Minor Penalty – holding of inquiry in specific circumstances :-

The Staff Side of the Committee of the National Council (JCM) set up to consider revision of CCS (CCA) Rules, 1965 had suggested that Rule 16 (1) should be amended so as to provide for holding an inquiry even for imposition of minor penalty, if the accused employee requested for such an inquiry.

2. The above suggestion has been given a detailed consideration. Rule 16 (1-A) of the CCS (CCA) Rules, 1965 provide for the holding of an inquiry even when a minor penalty is to be imposed in the circumstances indicated therein. In other cases, where a minor penalty is to be imposed, Rule 16 (1) ibid leaves it to the discretion of disciplinary authority to decide whether an inquiry should be held or not. The implication of this rule is that on receipt of representation of Government servant concerned on the imputations of misconduct or misbehavior communicated to him, the disciplinary authority should apply its mind to all facts and circumstances and the reasons urged in the representation for holding a detailed inquiry and form an opinion whether an inquiry is necessary or not. In case where a delinquent Government servant has asked for inspection of certain documents and cross examination of the prosecution witnesses, the disciplinary authority should naturally apply its mind more closely to the request and should not reject the request solely on the ground that in inquiry is not mandatory. If the records indicate that, notwithstanding the points urged by the Government servant, the disciplinary authority could, after due consideration, come to the conclusion that an inquiry is not necessary, it should say so in writing indicating its reasons, instead of rejecting the request for holding inquiry summarily without any indication that it has applied its mind to the request, as such an action could be construed as denial of natural justice.

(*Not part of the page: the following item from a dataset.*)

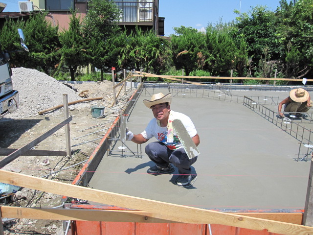 お盆休み前に、鉄筋工事は完了させて、休み明けに、10年保証の鉄筋検査を受けました、指摘事項はなく、1パツ合格でした。その後、猛暑の中ベースコンクリートを打設しました。

Enquiry mandatory in certain types of the penalty of witholding of increments :-

It has been decided in the meeting of National Council held on the 6th and 7th November, 1967, that in cases where increments are withheld for a period of more than three years or where increments are stopped with cumulative effect or where such stoppage is likely to affect adversely the pensionary entitlement, the procedure of holding an enquiry should invariably be followed.

As the Ministry of Finance etc. are aware, clause (b) of sub-rule (1) of rule 16 of the CCS (CCA) Rules, 1965 makes provisions for holding an enquiry in the manner laid down in sub-rules (3) to (23) of rule 14 ibid in every case in which the disciplinary authority is of the opinion that such an inquiry is necessary. In view of the decision of the National Council, mentioned in the preceding paragraph, it has been decided that, notwithstanding the provision contained in rule 16 (1) (b) of the CCS (CCA) Rules, 1965, if in a case it is proposed, after considering that representation, if any, submitted by a Government servant, to withhold increments of pay for a period exceeding three years or to withhold increments of pay with cumulative effect for any period or if the penalty of withholding of increments is likely to affect adversely the amount of pension payable to the Government servant, an enquiry shall invariably be held in the manner laid down in sub-rules (3) to (23) of rule 14 ibid.


10. Suspension

(1) The appointing authority or any authority to which it is subordinate or the disciplinary authority or any other authority empowered in that behalf by the President, by general or special order, may place a Government servant under suspension-

(a) where a disciplinary proceeding against him is contemplated or is pending; or

(aa) where, in the opinion of the authority aforesaid, he has engaged himself in activities prejudicial to the interest of the security of the State; or

(b) where a case against him in respect of any criminal offence is under investigation, inquiry or trial:
Provided that, except in case of an order of suspension made by the Comptroller and Auditor – General in regard to a member of the Indian Audit and Accounts Service and in regard to an Assistant Accountant General or equivalent (other than a regular member of the Indian Audit and Accounts Service), where the order of suspension is made by an authority lower than the appointing authority, such authority shall forthwith report to the appointing authority the circumstances in which the order was made.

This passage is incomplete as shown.